Fragmented Clinical Communication Hampers Care Coordination

Clinical communication across community-based healthcare settings and primary care providers (PCPs) is fragmented, which limits care coordination to support the complex needs of persons living with dementia (PLWD), according to a study published in JAMIA.

The researchers conducted six focus groups with 33 adult day care center (ADC) staff and individual semistructured interviews with 22 PCPs in California.

The study found complex communication workflows across community-based settings, like ADCs, that limit direct communication between providers and require informal caregivers to serve as intermediaries.

Additionally, the researchers found that clinical communication between ADC and PCPs relies heavily on antiquated methods of communication, such as fax and phone, which contributes to delayed and fragmented care for PLWD.

ADC staff and PCPs alike agreed on the importance of effective communication across community-based settings. ADCs possess rich information about the health and social needs of PLWD based on in-depth observations and interactions, the study authors noted.

However, the research revealed that ADCs lack ways to summarize and share clinical information to support care coordination. Rather, most information exchanged between PCPs and ADCs is done to comply with regulatory requirements.

PCPs in the study reported that they were overwhelmed by forms and regulatory documents, making it difficult to focus on key information from ADC requests. EHR inbox burden for PCPs can contribute to clinician burnout, and the number of messages received by PCPs has risen even further during the COVID-19 pandemic.

Other studies have found that most PCPs report that they only rarely or occasionally carefully read care order forms from home health services, producing potential patient safety issues. While stakeholders have developed prototypes to assist in home health and PCP clinical communication, they have not been implemented in practice.

Additionally, the study authors found that ADCs and PCPs expected informal caregivers to take primary responsibility for ensuring care coordination and tracking medical information. While engaged informal caregivers are often willing to fulfill these responsibilities, they may lack the time, resources, and health education needed to do so.

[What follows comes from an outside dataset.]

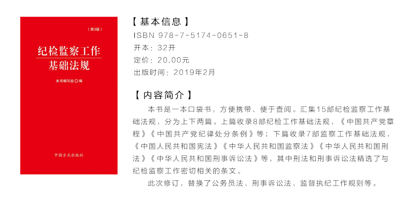 为贯彻落实中央纪委三次全会关于“不忘初心、牢记使命”主题教育以及从严从实加强纪检监察队伍建设的部署要求,引导党员干部自觉锤炼党性、增强党性修养,助力纪检监察干部加强政治建设、提升能力素质,现推荐一批中央纪委中国方正出版社出版的党性教育图书和纪检监察业务用书。

To improve care coordination for PLWD across ADC and PCPs, the researchers emphasized that a conceptual shift is needed.

“PCPs and ADCs must move away from exchanging information solely to comply with regulatory guidelines,” the study authors wrote. “Instead, the community-based care team needs to be reimagined to include the informal caregiver and ADC staff, in addition to the PCPs. All members of the team must be provided with tools to organize and share information.”

Also, when information is exchanged, the researchers noted that it must be in a succinct format to avoid adding to existing clinician burden.

“The SBAR method, highlighted as a key communication model by the Agency for Healthcare Research and Quality, was commonly cited by both ADC staff and PCPs as an effective method of exchanging information when a new clinical problem arises,” the researchers wrote. “This streamlined format limits inclusion of extraneous details.”

The researchers noted several limitations to their study. First, the sample was limited to a single state. Since ADCs are regulated on a state-by-state basis, communication patterns may reflect state-based regulations and may not be widely generalizable. However, the authors said that their findings were generally consistent with other studies of communication patterns among community-based providers.

In addition, the analysis did not include the perspectives of informal caregivers, despite them being a part of the communication process.

“Future studies should explore how best to incorporate them within the care team and strengthen their perspectives when developing person- and family-centered aged care models,” the study authors wrote.